The CDC's overdose dashboard did not refresh on Saturday morning. The 12-month provisional total for the period ending December 2025 — 68,632 drug overdose deaths, a 14% decline from the prior year — is still the working federal figure into Memorial Day. The wider research literature, sitting around the same counter, now puts the year-ending-March-2025 figure at 77,648, a 25% decline year over year and the steepest single-year drop in 25 years. [1][2]
The paper's Friday Day-2 brief held the federal counter as the working figure; Thursday's brief established the position that the third straight year of decline was the news. The Saturday update extends both. The CDC's provisional dataset runs on its own monthly cadence; the next print is due mid-June. The ScienceDirect paper that puts the figure at 77,648 estimates 109,783 counterfactual deaths prevented since the peak and attributes the structural fall to fentanyl-supply saturation and reduced street potency. KFF's February 2026 read separately cuts the opioid-only subset from 79,358 in 2023 to 54,045 in 2024. [2][3]

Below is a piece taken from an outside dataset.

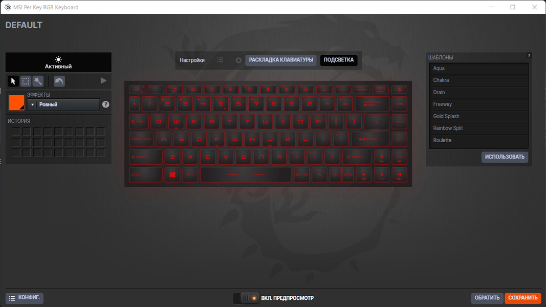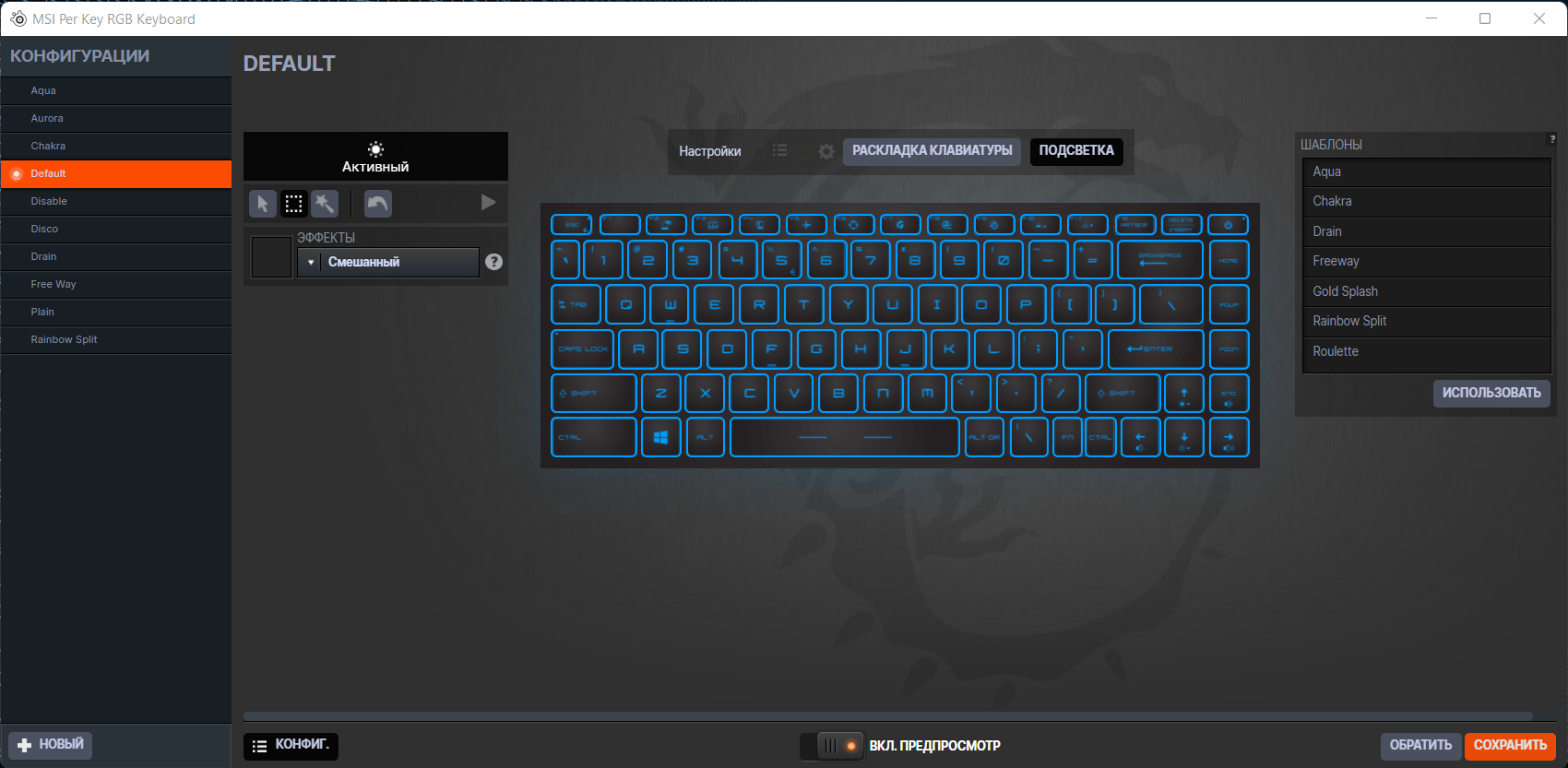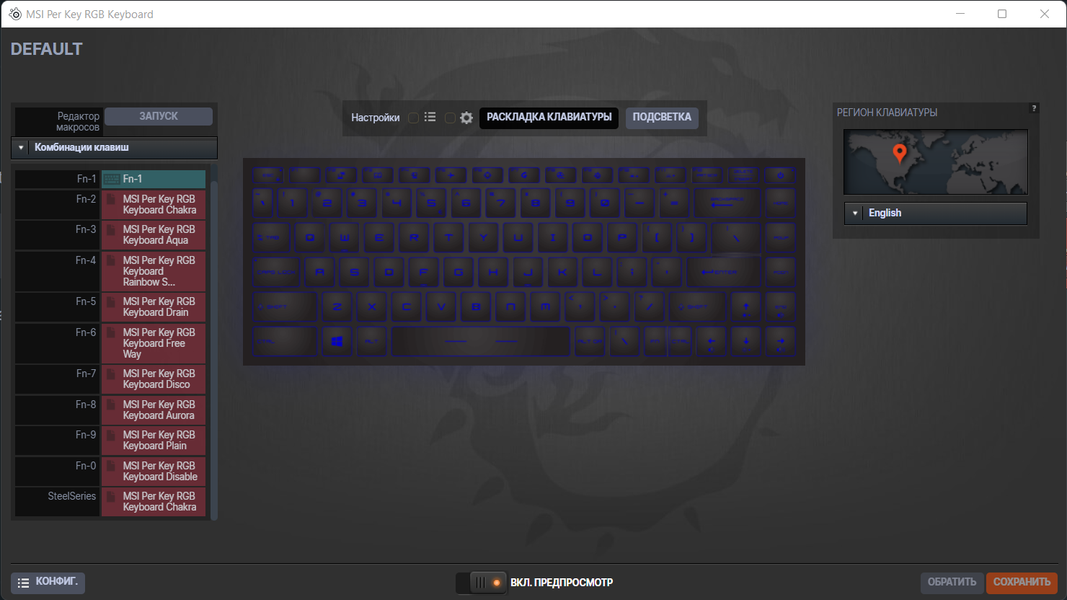 Можно назначить цвет и характер свечения хоть каждому из элементов клавиатуры по отдельности.

The plain-English Memorial Day version: fewer Americans are dying from overdoses than at any point in roughly six years, and the decline is large enough that the academic literature has stopped calling it a wobble and started calling it structural. The next variable that could reverse it is policy, not chemistry — Medicaid cuts, SAMHSA grant terminations, and the "Weapon of Mass Destruction" fentanyl designation are the forward levers KFF's December policy-tracker named. The naloxone over the counter at the corner pharmacy remains the household answer the federal figure does not yet count. The number that has not moved in three days is still the most important health number of the year. [1][3]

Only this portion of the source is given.